L'Association marocaine des droits humains (AMDH) a appelé samedi à l'ouverture d'une enquête indépendante afin de faire «toute la lumière» sur les causes de l'afflux inédit de migrants survenu entre la ville marocaine de Fnideq et l'enclave espagnole de Ceuta.
Des dizaines de milliers de migrants, majoritairement de jeunes Marocains, ont rejoint illégalement ces derniers jours l'enclave espagnole de Ceuta, dans le nord du Maroc, après la propagation d'une rumeur annonçant l'ouverture de la frontière, avant d'être renvoyés au Maroc pour la «quasi-totalité» des 60.000 personnes ayant franchi la frontière, selon les autorités espagnoles.

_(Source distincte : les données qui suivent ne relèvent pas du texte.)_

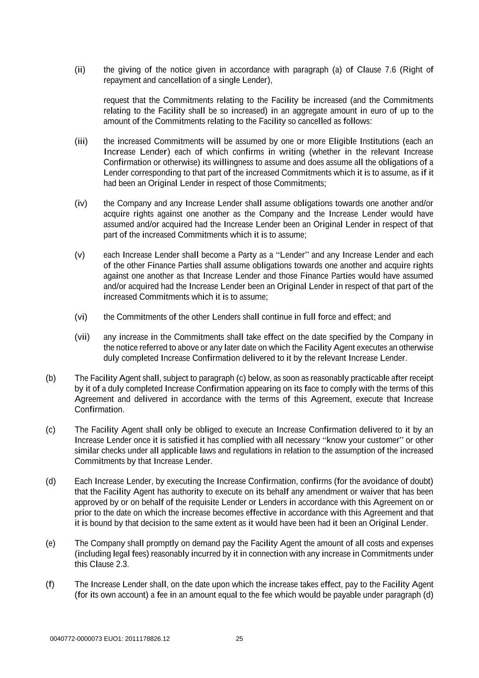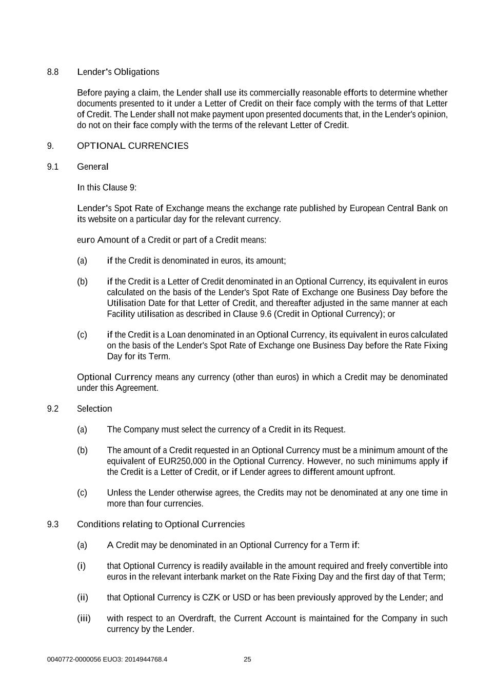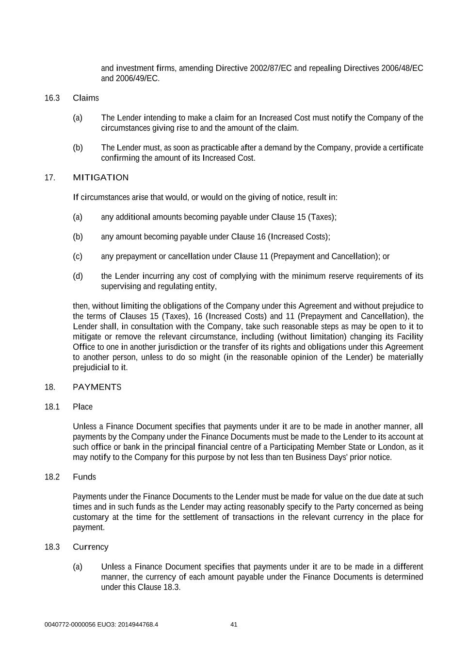 0040772-0000056 EUO3: 2014944768.4 41 and investment firms, amending Directive 2002/87/EC and repealing Directives 2006/48/EC and 2006/49/EC. 16.3 Claims (a) The Lender intending to make a claim for an Increased Cost must notify the Company of the circumstances giving rise to and the amount of the claim. (b) The Lender must, as soon as practicable after a demand by the Company, provide a certificate confirming the amount of its Increased Cost. 17. MITIGATION If circumstances arise that would, or would on the giving of notice, result in: (a) any additional amounts becoming payable under Clause 15 (Taxes); (b) any amount becoming payable under Clause 16 (Increased Costs); (c) any prepayment or cancellation under Clause 11 (Prepayment and Cancellation); or (d) the Lender incurring any cost of complying with the minimum reserve requirements of its supervising and regulating entity, then, without limiting the obligations of the Company under this Agreement and without prejudice to the terms of Clauses 15 (Taxes), 16 (Increased Costs) and 11 (Prepayment and Cancellation), the Lender shall, in consultation with the Company, take such reasonable steps as may be open to it to mitigate or remove the relevant circumstance, including (without limitation) changing its Facility Office to one in another jurisdiction or the transfer of its rights and obligations under this Agreement to another person, unless to do so might (in the reasonable opinion of the Lender) be materially prejudicial to it. 18. PAYMENTS 18.1 Place Unless a Finance Document specifies that payments under it are to be made in another manner, all payments by the Company under the Finance Documents must be made to the Lender to its account at such office or bank in the principal financial centre of a Participating Member State or London, as it may notify to the Company for this purpose by not less than ten Business Days' prior notice. 18.2 Funds Payments under the Finance Documents to the Lender must be made for value on the due date at such times and in such funds as the Lender may acting reasonably specify to the Party concerned as being customary at the time for the settlement of transactions in the relevant currency in the place for payment. 18.3 Currency (a) Unless a Finance Document specifies that payments under it are to be made in a different manner, the currency of each amount payable under the Finance Documents is determined under this Clause 18.3.

Ces mouvements ont provoqué des scènes de chaos et fait au moins 67 morts, selon les autorités espagnoles.
L'AMDH, qui fait état de «près de 130 victimes» ainsi que de dizaines de disparus, a appelé dans un communiqué à «ouvrir une enquête sérieuse et indépendante afin de faire toute la lumière sur les circonstances et les causes ayant conduit aux récentes vagues d'exode, et établir les responsabilités».
L'association condamne également «le silence inquiétant des responsables et des institutions» marocaines, qui n'ont toujours pas réagi publiquement à la crise, estimant que ce mutisme a contribué à l'ampleur de l'afflux de personnes cherchant à émigrer.
Une source proche du milieu associatif a déclaré à l'AFP que «la façon dont les choses se sont passées» laissait penser que ces arrivées massives à la frontière n'avaient pas pu se produire sans «l'accord des autorités» marocaines.
L'ONG tient l'État marocain «pleinement responsable» de la situation ayant conduit à cet afflux, alimenté selon elle par «la colère populaire face à l'échec des politiques» publiques dans un pays marqué par de fortes inégalités et un taux de chômage élevé.
L'association a également dénoncé «la montée des discours d'extrême droite (...) qui incitent à la haine contre les migrants et les présentent comme une menace existentielle pour les sociétés occidentales».
Les images de la crise à Ceuta ont conduit de nombreux responsables de droite et d'extrême droite en Europe et aux États-Unis à réclamer un renforcement du contrôle des frontières.
L'AMDH, organisation d'extrême gauche anticolonialiste, a en outre appelé à «inscrire la revendication de la restitution» des deux enclaves espagnoles de Ceuta et Melilla «à l'ordre du jour politique» marocain et à considérer cette revendication comme relevant «du processus de décolonisation».